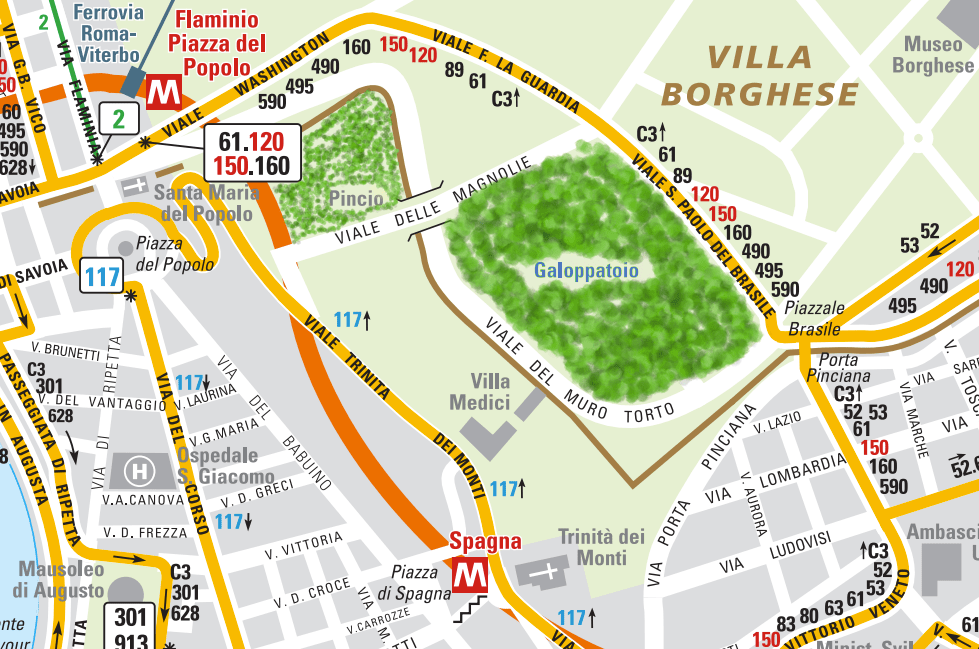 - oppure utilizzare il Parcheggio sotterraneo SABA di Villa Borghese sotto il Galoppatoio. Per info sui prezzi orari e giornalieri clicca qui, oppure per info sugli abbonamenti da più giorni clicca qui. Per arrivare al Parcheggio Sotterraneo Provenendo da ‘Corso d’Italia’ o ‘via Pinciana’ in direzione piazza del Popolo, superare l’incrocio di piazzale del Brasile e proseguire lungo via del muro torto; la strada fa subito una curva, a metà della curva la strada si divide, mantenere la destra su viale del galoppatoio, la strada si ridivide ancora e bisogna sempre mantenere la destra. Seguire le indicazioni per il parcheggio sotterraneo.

* * *

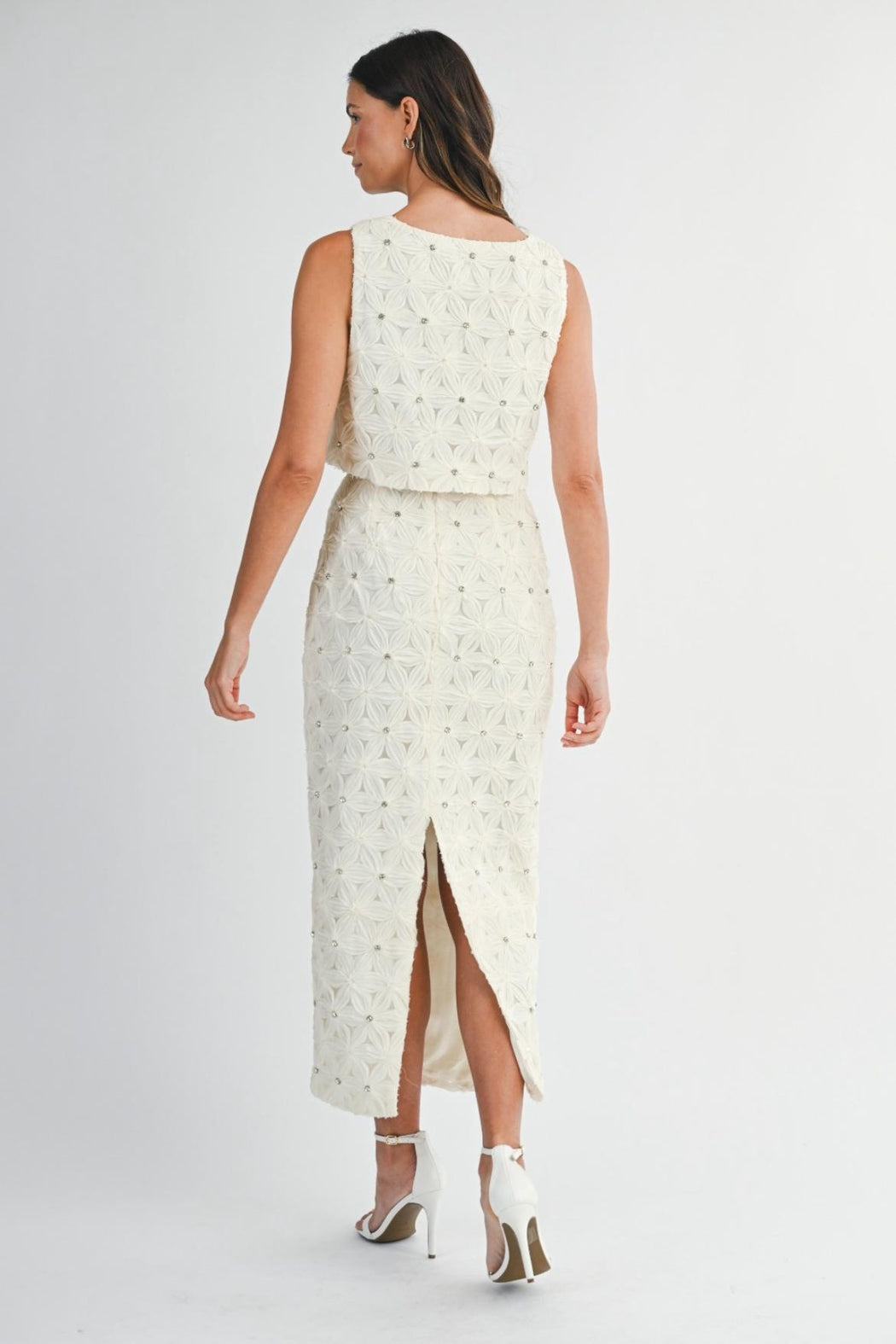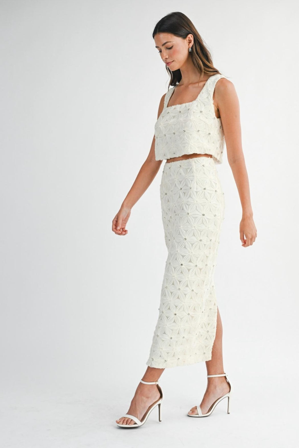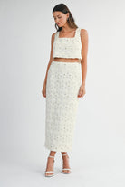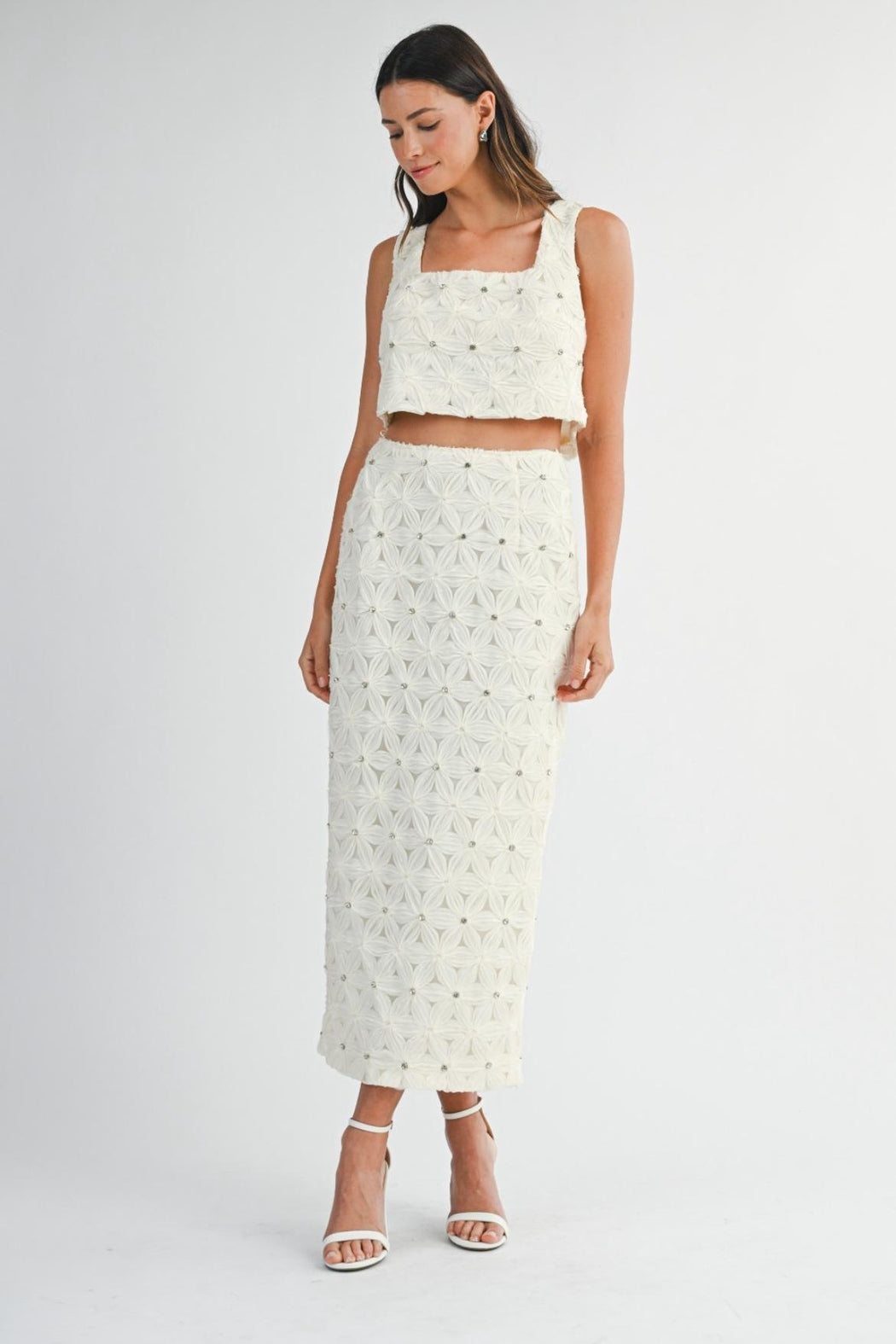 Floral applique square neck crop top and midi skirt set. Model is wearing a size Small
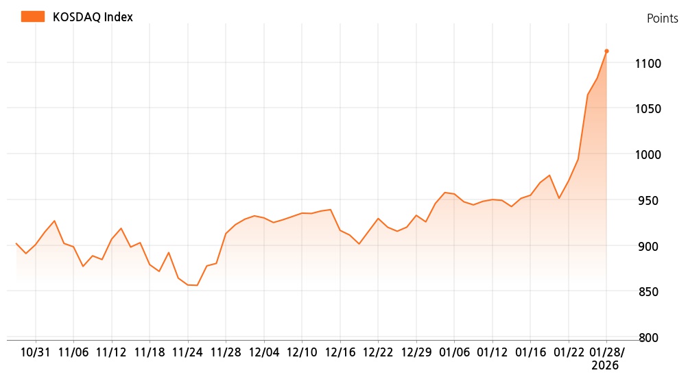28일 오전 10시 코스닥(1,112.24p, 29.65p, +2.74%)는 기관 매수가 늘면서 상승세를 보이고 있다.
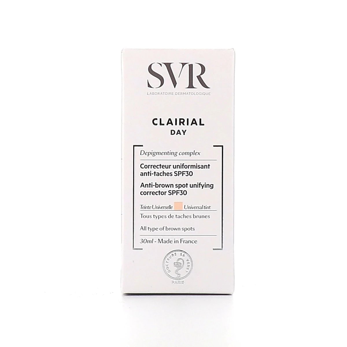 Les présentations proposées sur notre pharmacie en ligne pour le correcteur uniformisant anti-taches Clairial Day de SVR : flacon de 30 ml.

* * *

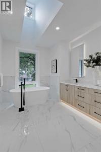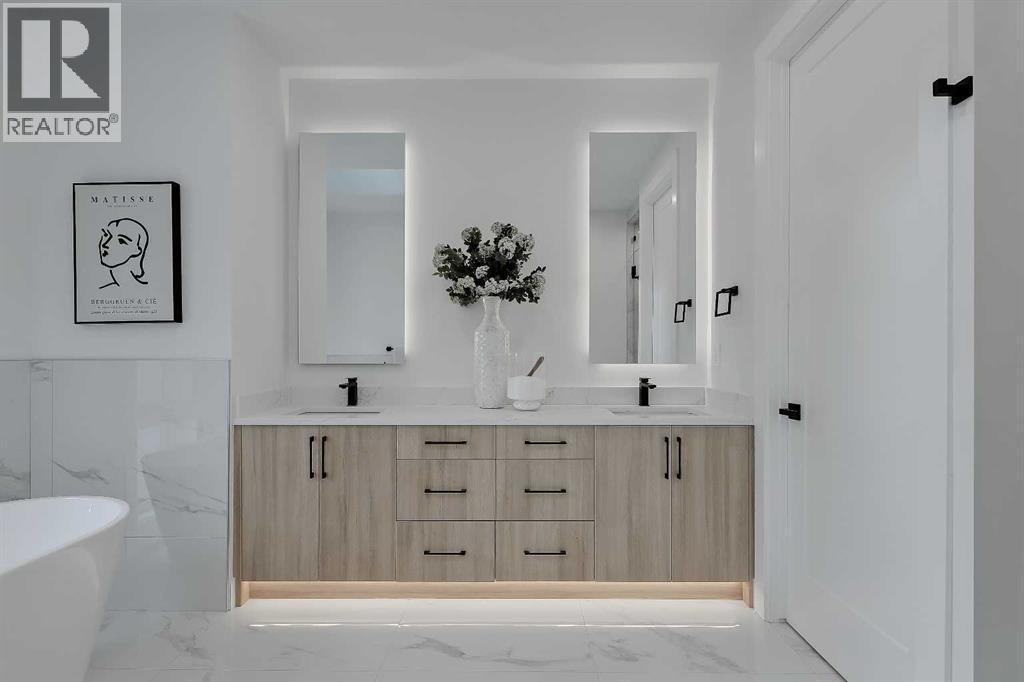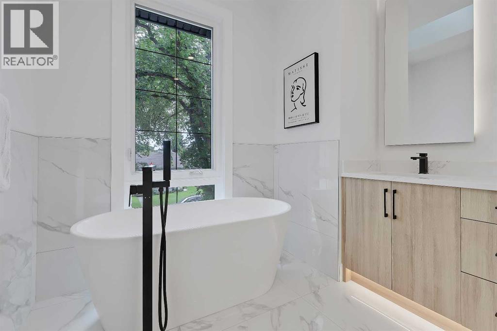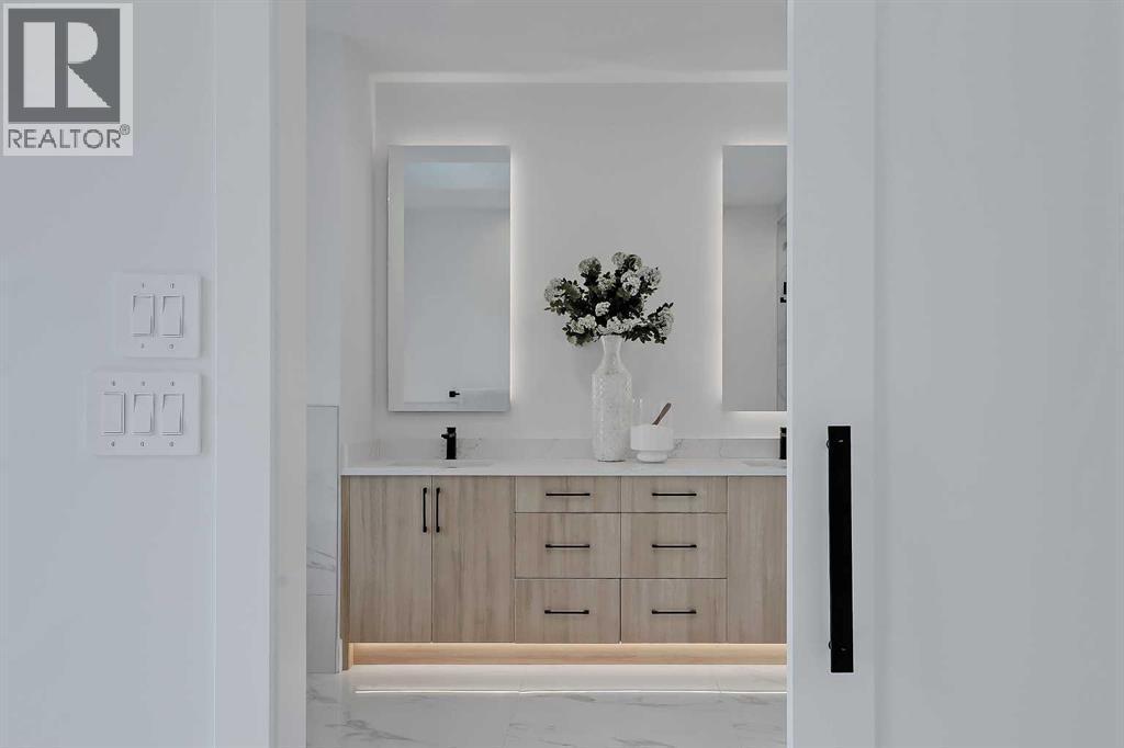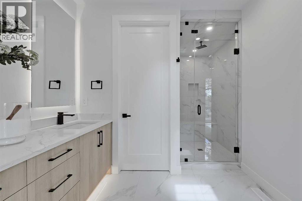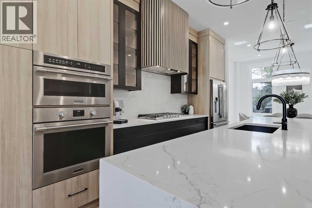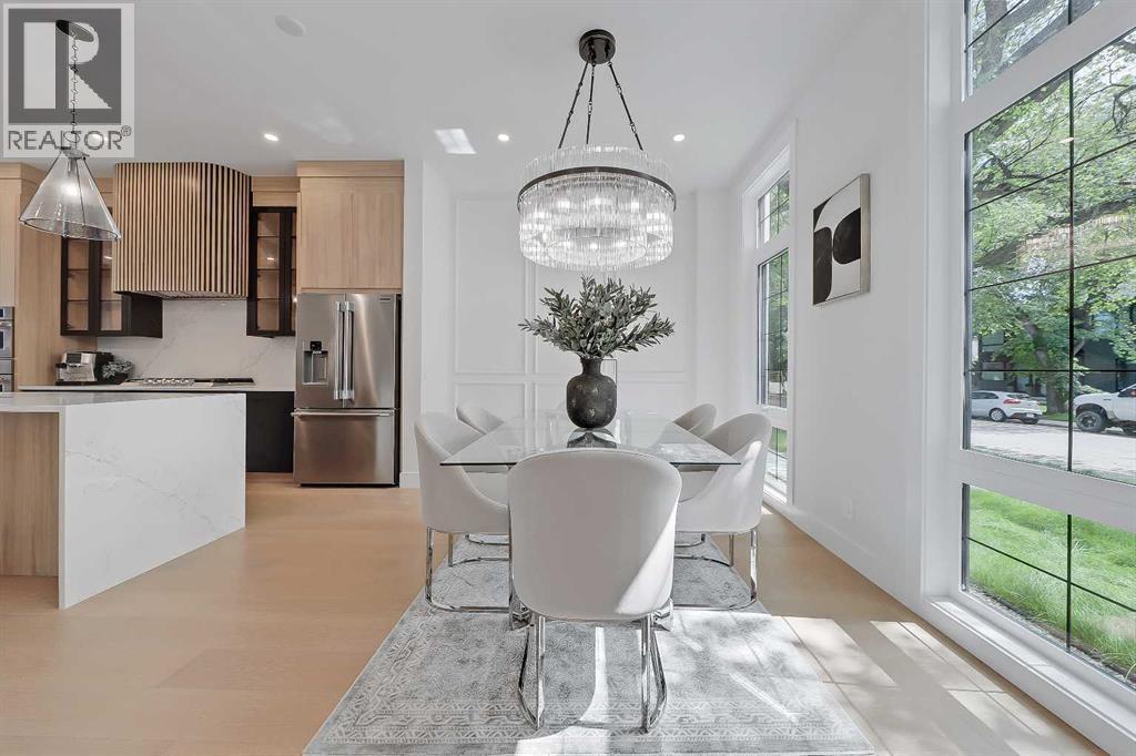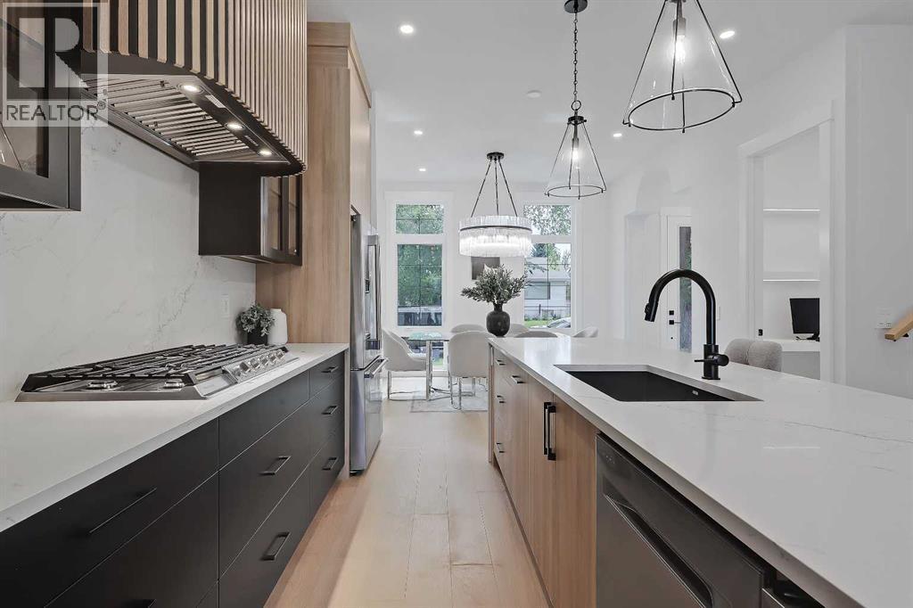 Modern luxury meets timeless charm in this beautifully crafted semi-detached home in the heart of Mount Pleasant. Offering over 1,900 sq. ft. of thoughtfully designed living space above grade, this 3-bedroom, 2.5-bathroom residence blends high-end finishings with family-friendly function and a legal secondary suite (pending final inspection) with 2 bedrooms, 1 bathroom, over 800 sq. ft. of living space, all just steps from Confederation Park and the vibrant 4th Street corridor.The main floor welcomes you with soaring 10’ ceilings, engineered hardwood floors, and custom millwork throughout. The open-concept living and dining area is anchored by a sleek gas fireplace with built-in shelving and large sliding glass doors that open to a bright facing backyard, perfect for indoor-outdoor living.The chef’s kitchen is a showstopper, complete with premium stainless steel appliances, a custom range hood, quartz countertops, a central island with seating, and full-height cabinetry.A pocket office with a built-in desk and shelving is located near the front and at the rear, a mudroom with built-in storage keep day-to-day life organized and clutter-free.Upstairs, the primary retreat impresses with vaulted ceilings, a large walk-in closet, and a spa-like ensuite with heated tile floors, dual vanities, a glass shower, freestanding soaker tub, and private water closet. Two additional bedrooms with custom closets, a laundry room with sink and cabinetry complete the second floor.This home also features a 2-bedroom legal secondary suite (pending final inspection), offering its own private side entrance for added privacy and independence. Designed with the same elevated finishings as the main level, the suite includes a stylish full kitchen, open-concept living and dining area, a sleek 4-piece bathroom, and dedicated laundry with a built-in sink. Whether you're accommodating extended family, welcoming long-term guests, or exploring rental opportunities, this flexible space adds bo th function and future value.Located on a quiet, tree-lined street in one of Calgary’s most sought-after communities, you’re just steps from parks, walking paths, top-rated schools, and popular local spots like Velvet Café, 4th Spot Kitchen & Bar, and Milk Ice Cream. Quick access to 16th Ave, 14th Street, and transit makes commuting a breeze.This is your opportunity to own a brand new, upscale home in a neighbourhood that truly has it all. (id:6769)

◆ Exercise prompt ◆
Return exactly the lines that appear in the data above between the line containing "28일 오전 10시 코스닥(1,112.24p, 29.65p, +2.74%)는" and the line containing "Les présentations proposées", both of which are included, and leave the pictures out.

◆ Problem solution ◆
28일 오전 10시 코스닥(1,112.24p, 29.65p, +2.74%)는 기관 매수가 늘면서 상승세를 보이고 있다.
 Les présentations proposées sur notre pharmacie en ligne pour le correcteur uniformisant anti-taches Clairial Day de SVR : flacon de 30 ml.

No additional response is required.